SIDR Operations                                                 H. Zhang
Internet-Draft                                                     CNNIC
Intended status: Best Current Practice                            H. Zou
Expires: 8 October 2026                                             CNIC
                                                                L. Zhang
                                                                 X. Yang
                                                                   CNNIC
                                                                   D. Ma
                                                                    ZDNS
                                                                   Y. Li
                                                                    CNIC
                                                              April 2026


      Best Current Practice for ROA Issuance Restrictions in RPKI
                  draft-zhang-sidrops-rpki-roa-bcp-02

Abstract

   This document specifies best current practices for Resource Public
   Key Infrastructure (RPKI) operators regarding Route Origin
   Authorizations (ROAs).  It RECOMMENDS that a parent Certification
   Authority (CA) void issuing ROAs for Internet number resources
   delegated to a child CA.  RPKI certification authorities(CA software)
   and relying party software are expected to support these practices by
   appropiate warning.

Status of This Memo

   This Internet-Draft is submitted in full conformance with the
   provisions of BCP 78 and BCP 79.

   Internet-Drafts are working documents of the Internet Engineering
   Task Force (IETF).  Note that other groups may also distribute
   working documents as Internet-Drafts.  The list of current Internet-
   Drafts is at https://datatracker.ietf.org/drafts/current/.

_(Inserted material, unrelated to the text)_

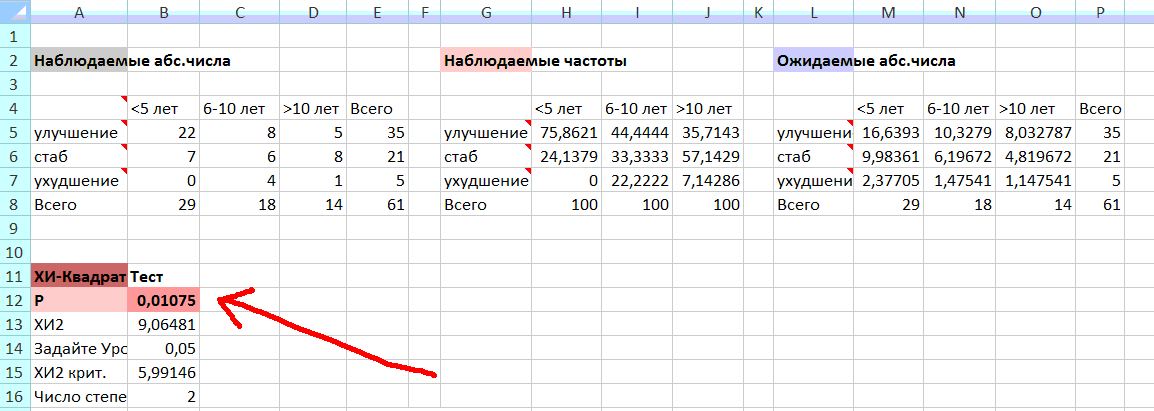 Если это не очень сложно - DoctorStat, помогите Смотрите распечатку программы http://doctorstat.narod.ru в приложенном рисунке. Вычисленный уровень значимости р=0,01<0,05 говорит о том, что три группы пациентов с различной длительностью заболевания различаются по результату лечения.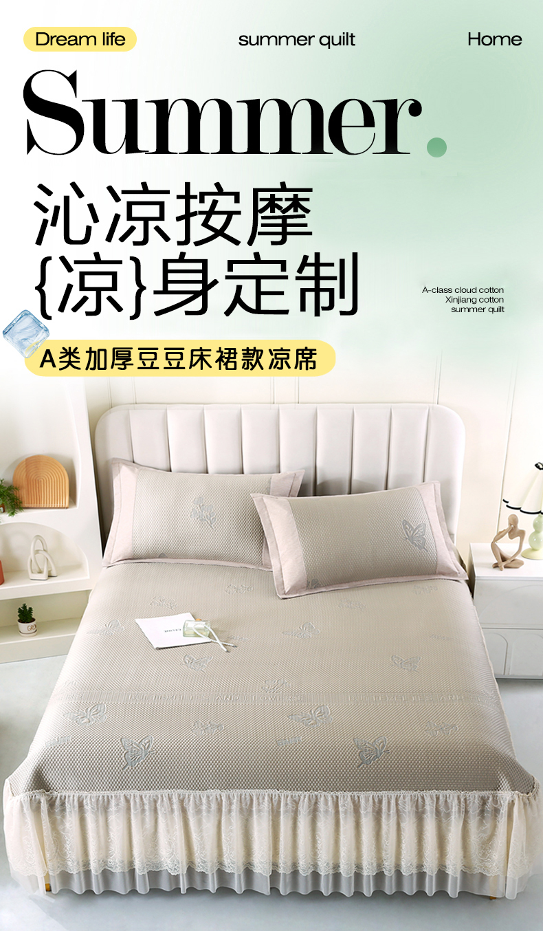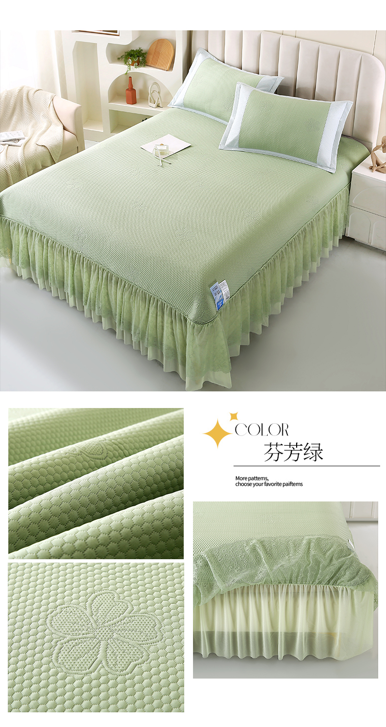 莱轩席业 2025新款A类加厚豆豆床裙款凉席 芬芳绿

   Internet-Drafts are draft documents valid for a maximum of six months
   and may be updated, replaced, or obsoleted by other documents at any
   time.  It is inappropriate to use Internet-Drafts as reference
   material or to cite them other than as "work in progress."

   This Internet-Draft will expire on 3 October 2026.

Copyright Notice

   Copyright (c) 2026 IETF Trust and the persons identified as the
   document authors.  All rights reserved.



Zhang, et al.            Expires 8 October 2026                 [Page 1]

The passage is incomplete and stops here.